Minor league affiliations
- Class: Independent
- League: Pioneer League

Team data
- Colors: Red, black, olive, sienna, white
- Mascots: Cliff & Huck
- Ballpark: Glacier Bank Park
- Owner/ Operator: Ridge Run Baseball LLC
- President: Marty Kelly
- General manager: Chris Kelly
- Manager: Todd Pratt
- Website: gorangeriders.com

= Glacier Range Riders =

American minor-league professional baseball team

The Glacier Range Riders are an independent baseball team of the Pioneer League, an MLB Partner League, who began play in 2022. They are located in Kalispell, Montana, and play their home games at Glacier Bank Park.

==History==
With the contraction of Minor League Baseball in 2021, the Pioneer League was converted from an MLB-affiliated Rookie Advanced league to an independent baseball league and granted status as an MLB Partner League.
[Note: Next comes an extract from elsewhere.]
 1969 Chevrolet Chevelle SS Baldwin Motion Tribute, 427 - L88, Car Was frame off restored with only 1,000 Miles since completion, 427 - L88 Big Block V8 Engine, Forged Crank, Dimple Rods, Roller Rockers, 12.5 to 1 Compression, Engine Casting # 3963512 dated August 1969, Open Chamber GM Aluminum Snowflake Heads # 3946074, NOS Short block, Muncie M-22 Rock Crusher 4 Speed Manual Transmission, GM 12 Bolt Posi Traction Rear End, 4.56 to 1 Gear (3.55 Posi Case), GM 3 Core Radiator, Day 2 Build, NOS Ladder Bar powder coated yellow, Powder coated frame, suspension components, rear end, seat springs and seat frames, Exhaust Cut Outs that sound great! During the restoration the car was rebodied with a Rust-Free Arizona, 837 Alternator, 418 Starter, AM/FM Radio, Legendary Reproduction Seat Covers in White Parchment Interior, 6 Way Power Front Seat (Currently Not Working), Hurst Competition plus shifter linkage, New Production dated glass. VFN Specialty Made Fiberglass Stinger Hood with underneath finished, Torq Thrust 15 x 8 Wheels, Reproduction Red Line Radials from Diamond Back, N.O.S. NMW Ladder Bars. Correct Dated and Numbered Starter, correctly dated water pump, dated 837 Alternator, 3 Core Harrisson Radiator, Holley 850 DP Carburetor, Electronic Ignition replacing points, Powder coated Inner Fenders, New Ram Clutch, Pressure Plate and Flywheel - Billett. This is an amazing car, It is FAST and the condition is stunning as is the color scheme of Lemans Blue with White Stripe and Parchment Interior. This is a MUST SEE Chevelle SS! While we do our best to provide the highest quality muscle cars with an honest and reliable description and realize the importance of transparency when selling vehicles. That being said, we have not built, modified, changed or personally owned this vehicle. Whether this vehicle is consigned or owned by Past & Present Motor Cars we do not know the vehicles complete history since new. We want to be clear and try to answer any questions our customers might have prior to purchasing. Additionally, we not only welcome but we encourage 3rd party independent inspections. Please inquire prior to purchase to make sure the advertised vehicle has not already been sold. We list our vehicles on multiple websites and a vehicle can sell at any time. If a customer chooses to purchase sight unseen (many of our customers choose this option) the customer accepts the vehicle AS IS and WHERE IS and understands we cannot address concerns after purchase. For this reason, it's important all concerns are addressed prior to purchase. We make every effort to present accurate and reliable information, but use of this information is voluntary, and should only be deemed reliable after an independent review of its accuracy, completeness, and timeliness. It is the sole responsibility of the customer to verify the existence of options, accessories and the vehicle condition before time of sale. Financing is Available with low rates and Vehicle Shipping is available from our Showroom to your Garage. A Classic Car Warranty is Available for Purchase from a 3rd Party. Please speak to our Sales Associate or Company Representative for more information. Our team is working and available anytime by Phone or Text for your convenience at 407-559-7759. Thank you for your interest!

With the transition, the Pioneer League added the Boise Hawks, a former member of the Northwest League, for the 2021 season. To keep the league at eight teams, the Northern Colorado Owlz (formerly the Orem Owlz) sat out 2021. With the return of the Owlz for 2022, a 10th team was needed to balance the schedule, and on August 16, 2021, Ridge Run Baseball LLC was awarded an expansion team to begin play in 2022.

The announcement also revealed that a new ballpark would be constructed alongside U.S. Route 93 north of Kalispell. Glacier Bank Park, originally known as Flathead Field, seats 2,500 and features artificial turf.

The franchise debuted on May 23, 2022, against the Rocky Mountain Vibes, and they hosted their first home game on June 14 against the Billings Mustangs.